Primary deliverables of this page: (1) a minimal interface definition, (2) a trustworthy sensor-to-trigger path, (3) actuator drive + diagnostics, and (4) an evidence packet structure that survives EMC and power transients.
Upstream inputs (interface level only):
- Wheelset sensing: axle speed sources such as encoder/VR/Hall (handled here only as conditioned inputs and quality flags).
- Motion confirmation: acceleration channel(s) to suppress false positives and to validate rapid changes.
- Commands: driver/TCMS sanding enable/disable and mode selection (no TCMS internal architecture here).
- Traction/brake requests: “request/state lines” only (no traction inverter or brake controller internal algorithms).
System outputs (what this page owns):
- Actuation: sand valve drive and/or auger/feeder motor control, including safe defaults and diagnostics.
- Dosing primitives: commanded duty/level with speed-aware limiting and anti-chatter behavior.
- Evidence: event triggers, fault codes, counters, and a compact record suitable for post-incident review.
Environmental constraints (rail-specific):
- EN 50155: wide input variations, undervoltage dips, temperature extremes, and restart behavior that must not corrupt evidence.

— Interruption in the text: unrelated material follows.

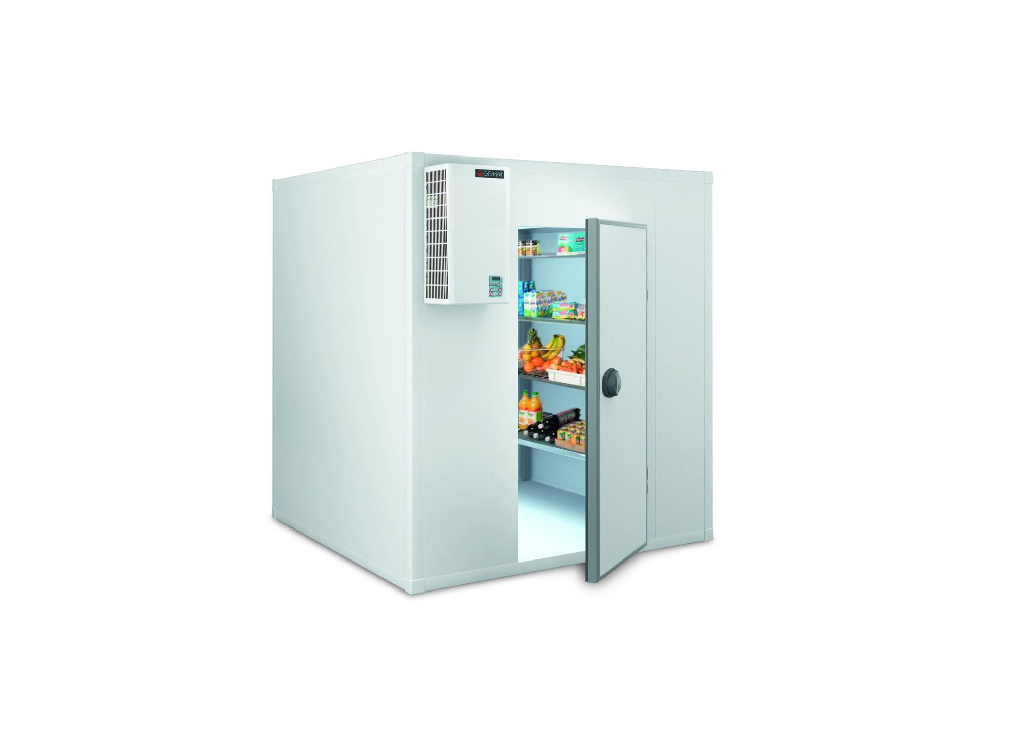 Modułowe chłodnie GEMM IGLOO zostały zaprojektowane tak, aby zagwarantować szybki, łatwy i bezbłędny montaż. Panele warstwowe z wykończeniem blachy wewnętrznej i zewnętrznej w kolorze białym. Izolacja w piance poliuretanowej ( PUR ) o gęstości 43 kg / m3 i grubości 60, 80 i 100 mm, na życzenie 120 i 140 mm. Montaż za pomocą systemu blokowania męsko-żeńskiego i specjalnie zaprojektowanych sworzni łączących, aby zapewnić łatwość montażu i idealne wyrównanie wszystkich elementów. Uszczelnienie między panelami gwarantowane przez specjalne uszczelki obwodowe z rozszerzonego polietylenu montowane podczas procedury pienienia. Nasza standardowa podłoga jest wykończona szarą antypoślizgową blachą pokrytą tworzywem sztucznym i izolowana poliuretanem o gęstości 43 kg / m3 ( PUR ). Drzwi o takim samym wykończeniu jak standardowe panele mają ramę z otworem 80/90 x 190h cm, aluminiowe ościeżnicę, profil, zawiasy z regulacją wysokości wykonane z materiału kompozytowego, zewnętrzny uchwyt z blokadą klucza i wewnętrzny uchwyt. Drzwi do komór mroźniczych są standardowo dostarczane z elektrycznymi grzałkami antykondensacyjnymi umieszczonymi w aluminiowej rurze wstępnie spienionej wewnątrz ramy. Na życzenie mogą być dostarczone drzwi przesuwne z ręcznym lub automatycznym otwieraniem. Wszystkie nasze monoblokowe agregaty chłodnicze są montowane na panelach bocznych, na dachu komory, lub są to wersje split do zdalnych instalacji. Agregaty mają wysoką wydajność i niski poziom hałasu. Półki wewnętrzne dostępne na życzenie, z perforowanymi półkami o głębokości 400, 500 lub 600 mm, wykonane w całości ze stali nierdzewnej AISI 304 18/10 lub ramy aluminiowej i półek polipropylenowych.

- EN 50121: strong EMC where false triggers often originate from common-mode coupling and command-line glitches.
Explicit non-scope (to prevent overlap):
- Traction inverter power stage design, IGBT/SiC gate-driver deep design, or DC-link control internals.
- Brake control unit internal closed-loop algorithms and pneumatic/hydraulic control details (only interface-level signals are referenced).
- CBTC/ETCS signaling, passenger systems, wayside/station systems, and traction substations.
H2-2. User Intent & Failure Narrative: What engineers actually search for
Sanding and anti-slip functions are rarely “tuned for comfort.” They are deployed to control risk under low adhesion (rain, snow, leaf film, oil contamination) while keeping the system measurable and defensible. Real-world searches cluster around a small set of failure narratives. Each narrative should map to: mechanism → evidence fields → first corrective action.
Narrative A — Slip detection is unreliable (false positives or missed events).
- Likely mechanism: speed input quality collapses (jitter, dropout, saturation), or detection lacks stable hysteresis/gating.
- Evidence to capture:
speed_quality_flag,jitter_est,dropout_count,enter_reason,exit_reason. - First fix: enforce quality gating (do not confirm slip when the input is not trustworthy), then widen hysteresis to prevent chatter.
Narrative B — Sanding “works,” but slip persists.
- Likely mechanism: actuator response is slow or dosing is not matched to speed and conditions (insufficient delivery, nozzle clog, valve stick).
- Evidence to capture:
cmd_duty,response_ms,actuator_current_peak,jam_flag,sand_rate_est. - First fix: verify response time and current signature on a confirmed command; if response is late/abnormal, treat it as delivery failure before retuning thresholds.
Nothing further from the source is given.